Problem
Let $f:\mathbb{R}\to \mathbb{R}$ and $c\in\mathbb{R}$. Prove that $$(f \text{ continuous on } \mathbb{R}) \land (\forall x<c,\; f(x)<0) \land (\forall x>c,\; f(x)>0) \implies f(c)=0$$
My proof
Since $f$ is continuous, we have that, for all $\varepsilon$, there is a $\delta$ such that for all $x\in [c-\delta,c+\delta]$ $$-\varepsilon \leq f(c)-f(x)\leq \varepsilon$$ This implies that $f(c)-\varepsilon\leq f(x)$
By contradiction, assume $f(c)>0$ (the case $f(c)<0$ is similar) and lets use $f(c)$ as our $\varepsilon$, then we have a $\delta$ such that $\forall x\in [c-\delta,c+\delta]$ $$0=f(c)-f(c)\leq f(x)$$ This says that $\forall x\in [c-\delta,c+\delta],\; f(x)\geq0$ but there are values on $[c-\delta,c+\delta]$ that are $>c$ and some that are $<c$ thus $f(x)$ cannot have the same sign for all of them.

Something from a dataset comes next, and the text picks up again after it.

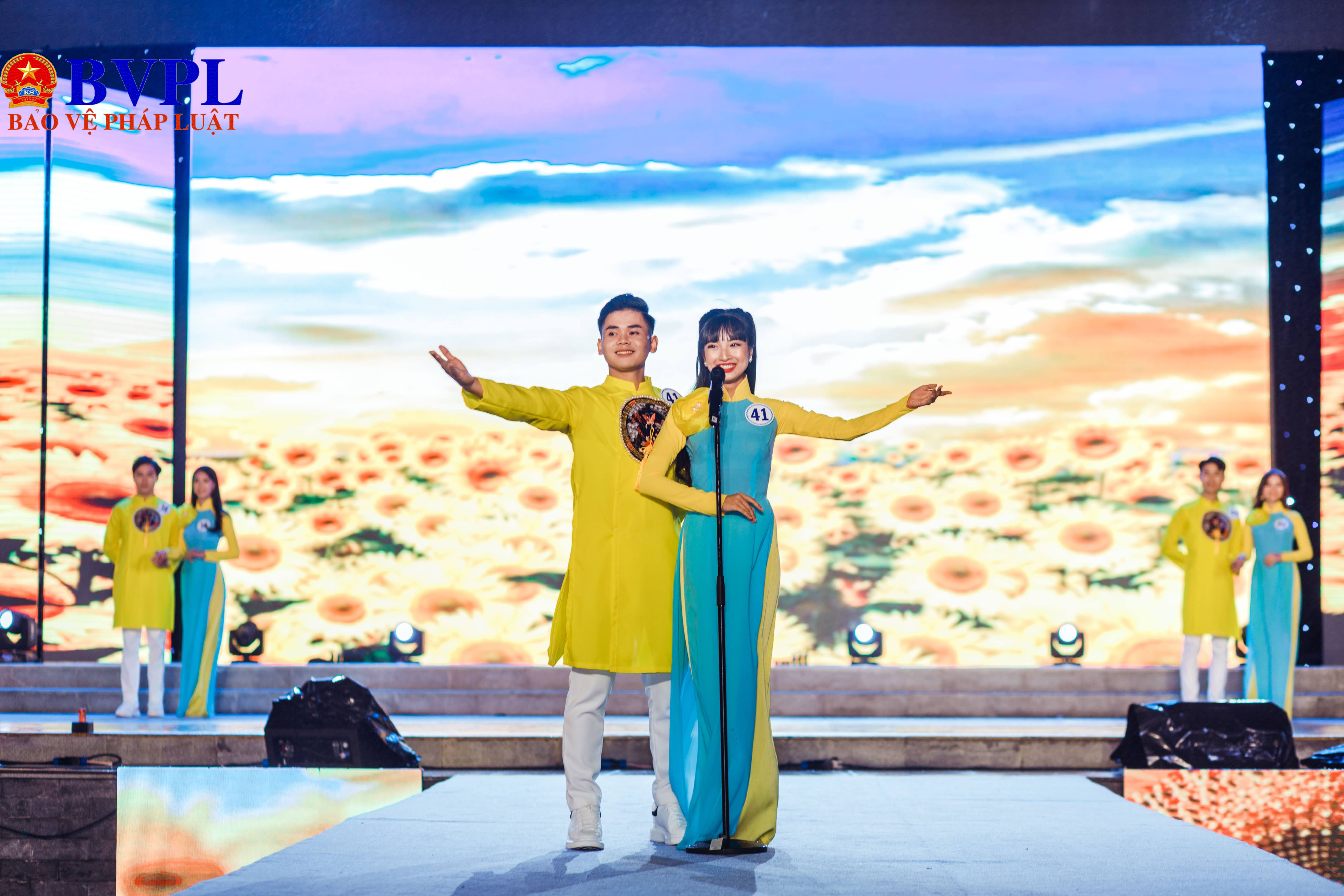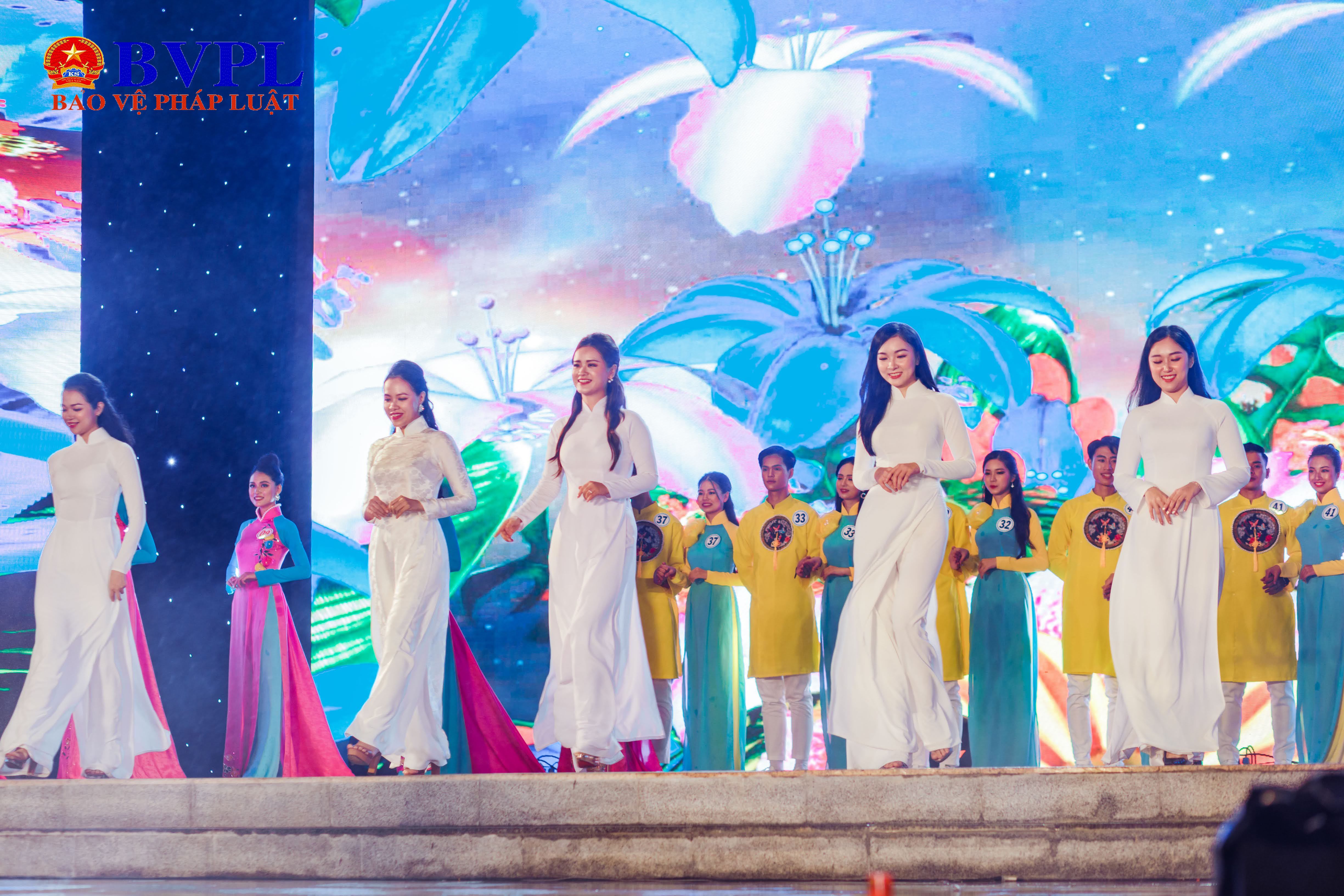 (BVPL) - 14 thí sinh hạng mục đơn nữ và 6 cặp thí sinh nam - nữ đến từ các trường THPT, ĐH, CĐ trên địa bàn Đà Nẵng đưa sắc trong tà áo dài truyền thống với kỹ năng trình diễn bài bản, duyên dáng, tôn vinh vẻ đẹp của trang phục dân tộc.

Contradicting $\forall x\in [c-\delta,c+\delta],\; f(x)\geq 0\;\square$.
Is this a valid proof? I find it particularly simple given that I didn´t use the intermediate value theorem. (I'm not supposed to know it for this problem)
The proof is correct. It could also be proven by the use of the IVT.